- Dutch theatrical release poster
- Directed by: Stijn Coninx
- Written by: Heleen van der Laan Jean van de Velde
- Based on: Waar blijft het licht by Heleen van der Laan
- Produced by: Paul Voorthuysen
- Starring: Joachim Król; Francesca Vanthielen; Reidar Sørensen; Rick Engelkes;
- Cinematography: Theo Bierkens
- Edited by: Ludo Troch
- Music by: Dirk Brossé
- Production company: Favourite Films
- Distributed by: Concorde Film (Netherlands); PolyGram Filmed Entertainment (Belgium); Buena Vista International (Germany);
- Release dates: 7 January 1998 (Belgium); 29 January 1998 (Netherlands); 31 December 1998 (Germany);
- Running time: 115 minutes
- Countries: Netherlands Belgium Germany Denmark
- Language: English

= When the Light Comes =

 When the Light Comes (Belgium: Licht, Netherlands: Waar blijft het licht, Germany: Die Stunde des Lichts) is a 1998 German-Dutch /Belgian romantic adventure film drama directed by Stijn Coninx, and starring Francesca Vanthielen, Joachim Król and Rick Engelkes. The film is based on an autobiography of the then 19-year-old student in Amsterdam Heleen van der Laan who spent the winter in Svalbard living with a fur trapper. It was adapted for the screen with the aid of Jean van de Velde. Essentially a love story set in northern Scandinavia, the film has "themes of isolation, forced cohabitation and relationship building between two totally different people in extremely harsh living conditions". The score was composed by Dirk Brossé and the film was produced by Favourite Films and distributed by Concorde Film.

==Plot==
Young Ellen decides to take a boat journey to Svalbard in northern Norway. She ends up wandering in Spitsbergen, where she spends winter in a cabin on a fjord surrounded by glaciers. She shares a cabin with a Norwegian trapper named Lars as she tries to adapt to the perilous climate and face dangers such as fighting polar bears.

==Cast==
- Francesca Vanthielen as Ellen
- Rick Engelkes as Robbert
- Joachim Król as Lars
- Reidar Sørensen as Ragnar
- Rodney Beddal as Jaromir
- Marit Bolling as Saleswoman
- Karin Lunden as Irina
- Morten Røhrt as Pilot 1
- Per Skjølsvik as Pilot 2
- Yana Yanezic as Gaumata

==Production==
The film was shot in 35 mm on location in northern Norway and Iceland. Schiphol Airport in Amsterdam also appeared in the film. Director Coninx describes the film as "A small story in a grand setting". He said in Dutch, "We did it in different ways. As a dream for example, or as a bet. Many men will not understand this girl. By choosing this adventurous form and the characters, away from the bustle and stress of the society, forcing them in a different and clearer way of looking at each other. Then exerts nature, and especially the light there at the pool months away, a strong influence on the man and woman. Making those connections in the story, the efforts for the public to look in a certain way, it made this film hard, much harder than Daens." He described cinematographer Theo Bierkens as an "incredible magician". The film was produced in English, but a Norwegian and Russian version also released.

==Release and reception==
The film was released primarily for the international market. The film was screened at the International Film Festival of Mar del Plata in Argentina, and won several awards in Belgium and several international awards. At the Biberach Independent Film Festival in Biberach an der Riss, the film won the prize of the international jury and the prize for best production. Francesca Vanthielen won the Jury Prize at the Geneva Film Festival. It also won the audience award at the Tromsø International Film Festival in 1999.

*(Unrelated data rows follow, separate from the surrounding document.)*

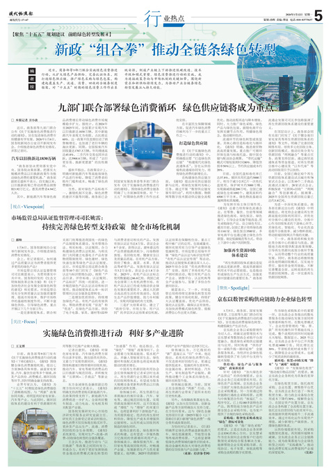 近日,商务部等9部门联合实施绿色消费推进行动,从扩大绿色产品供给、完善认证体系,到打造绿色供应链、推广绿色采购与绿色包装,构建起覆盖生产、流通、消费、回收的全链条制度框架,对“十五五”时期的绿色消费工作作出系统安排,倒逼产业链上下游推进低碳改造、技术升级和模式重塑。绿色消费推进行动的实施,成为连接政策导向与市场机制的关键纽带,围绕新需求和新供给持续发力,为推动产业全链条绿色转型发展注入持久动能。
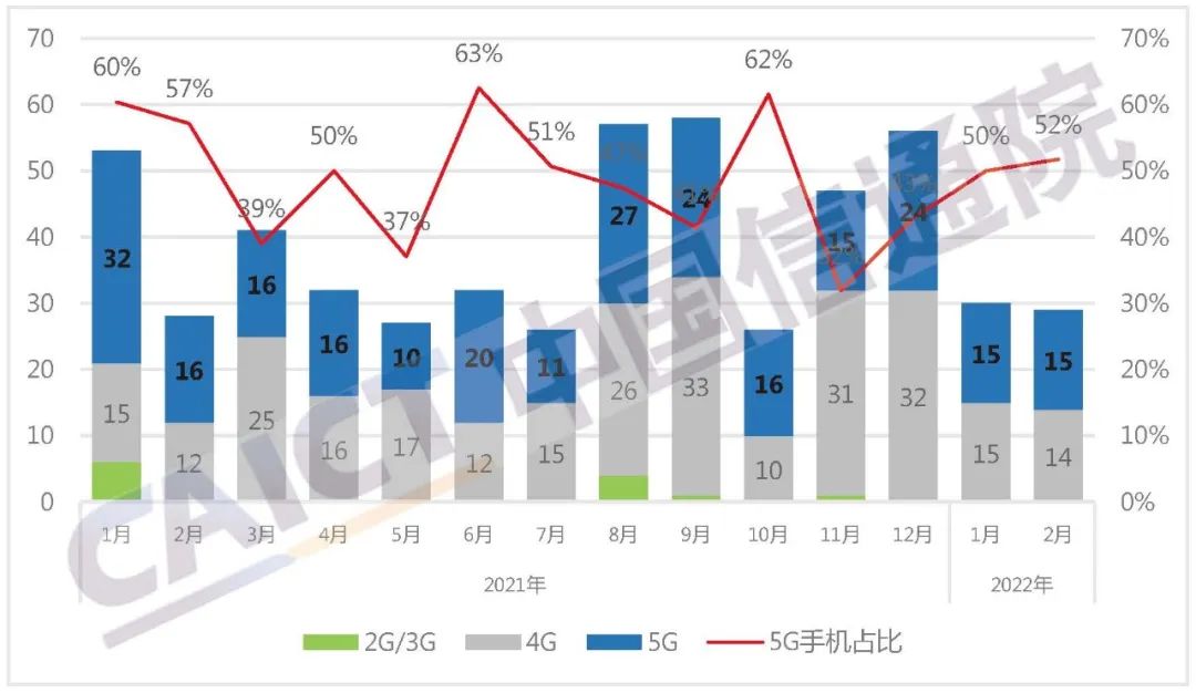 2022年1-2月,上市新机型累计59款,同比下降27.2%,其间5G手机30款,同比下降37.5%,占同期手机上市新机型数量的50.8%。
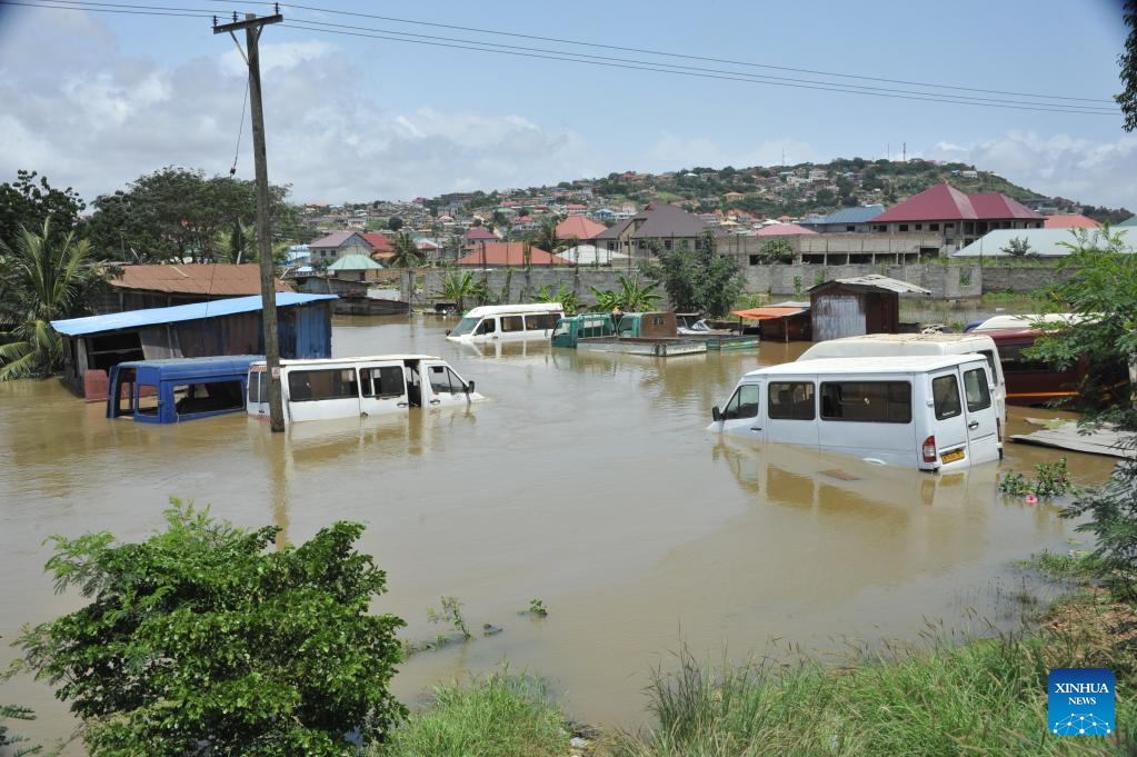 Vehicles are seen trapped in a flooded area in Accra, Ghana, on Oct. 5, 2022. Thousands of residents of the southwestern part of Accra, the Ghanaian capital, have been displaced due to the spillage of the Weija Dam. The spillage of the dam was caused by excess water following torrential rains over the weekend, which contributed to the water level behind the dam rising above the maximum level. The dam built on the Densu River is the source of potable water for more than half of the 5.4 million population of the national capital. (Photo by Seth/Xinhua)
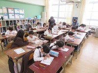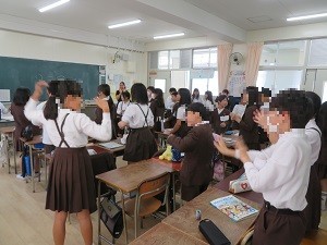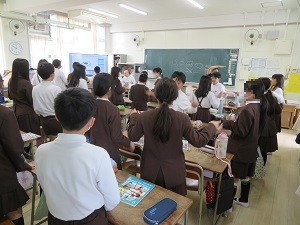 C-NETの先生との英語の授業です。曜日ごとのジェスチャー(振り)を入れて歌を歌っています。
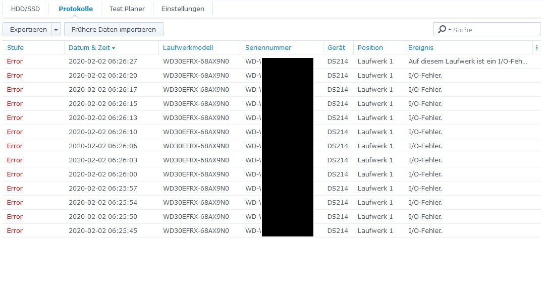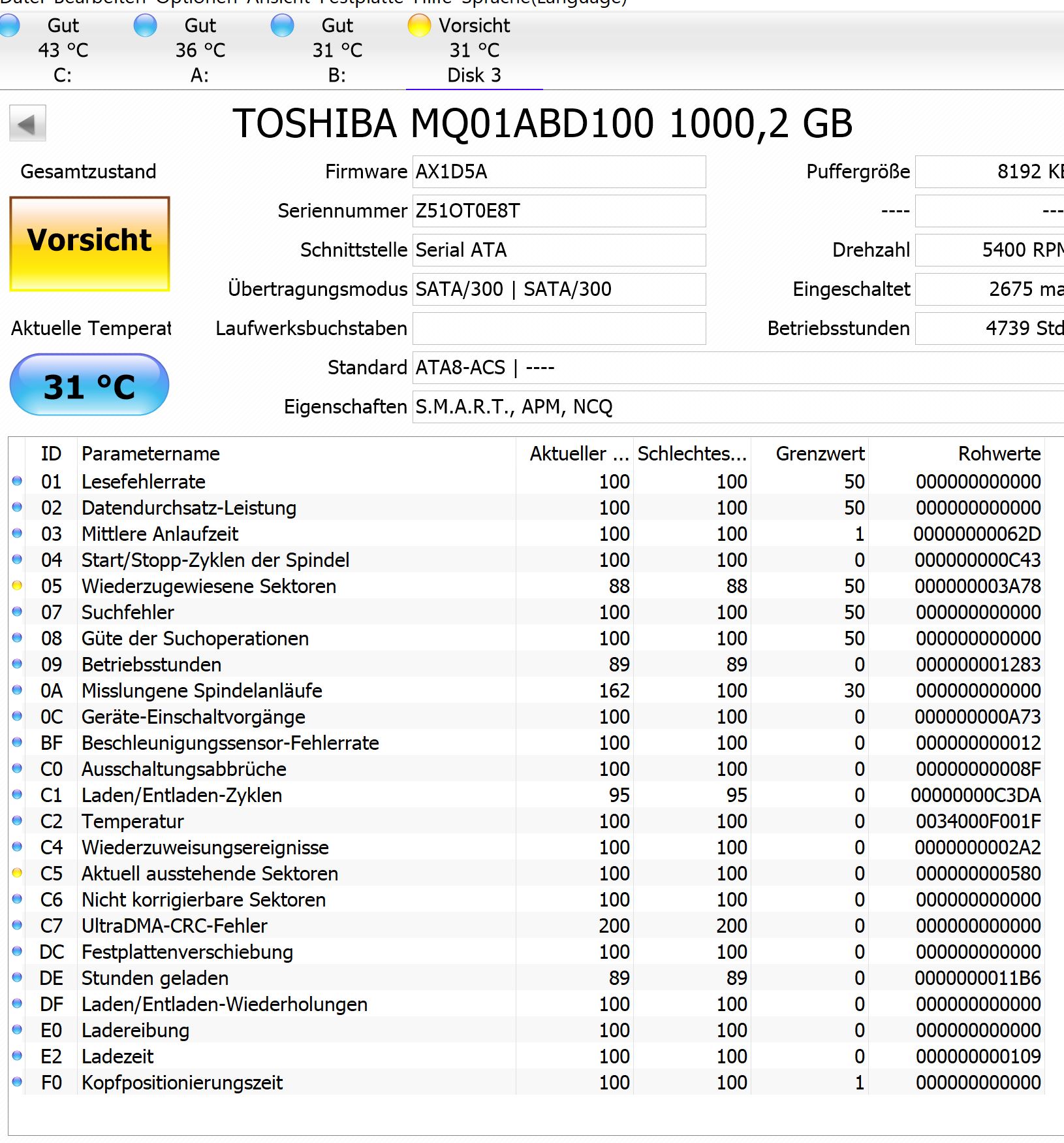 Platte wurde lange nicht benutzt und lag viel rum, eben frisch 2x mit f3write vollgeschrieben ohne Fehler und 2x ausgelesen mit f3read ohne Fehler. SMART Check über 2 Stunden auch problemlos. GSmartControl zeigt die Wiederzuweisungsereignisse als Fehler an, ChrystalDiskInfo nicht.
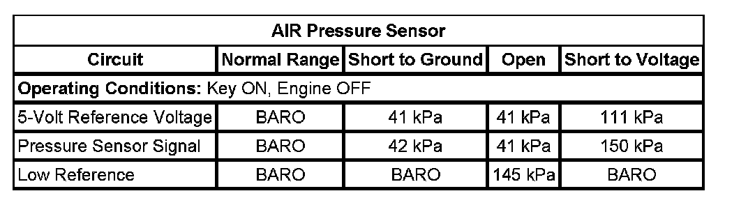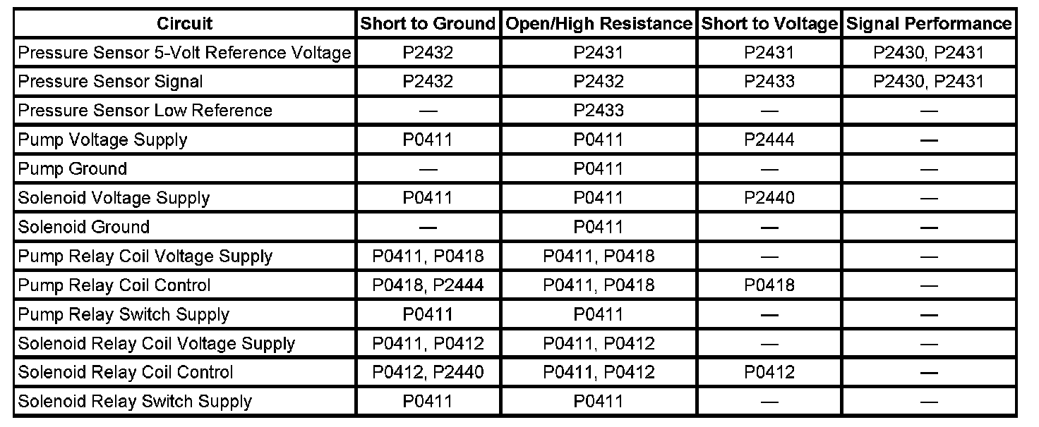 In all 3 phases, testing is accomplished by comparing the measured pressure against the expected pressure. The control module can detect faults in the AIR pump, AIR control solenoid valve/pressure sensor assembly, and the exhaust check valve. The pressure sensor can also detect leaks and restrictions in the secondary AIR system plumbing.

Henk Ten Berge of the De Telegraaf described the film as "one of the strangest films ever produced by a Dutchman" and a "bizarre adventure" but praised the cinematography. Filmkrant said that the relationship between Ellen and Norwegian trapper was "not that exciting", describing Lars as a "rather clumsy eccentric who barely seems to speak a word of English" but said that the character was "touchingly played" by German actor Joachim Król. Film Krant also believed that the polar bear scene, whilst exciting, diverted the viewer's attention from their developing relationship, but praised the cinematography of the film by Theo Bierkens, describing it as "truly overwhelming". Positif called it an "ecological robinsonade". Marceau Verhaeghe of Cinergie praised the finesse and intelligence of screenwriter Jean van de Velde, and similarly the expertise and talent of Coninx, who he described in French as an "outstanding filmmaker" who "gives us an endearing movie, which takes advantage of even anecdotal aspects... to further enrich the story. A history of tensions, trials, but also tenderness, humor and love. In short, a really good history of cinema." The soundtrack by top Flemish film score composer Dirk Brossé has been cited as one of his best works.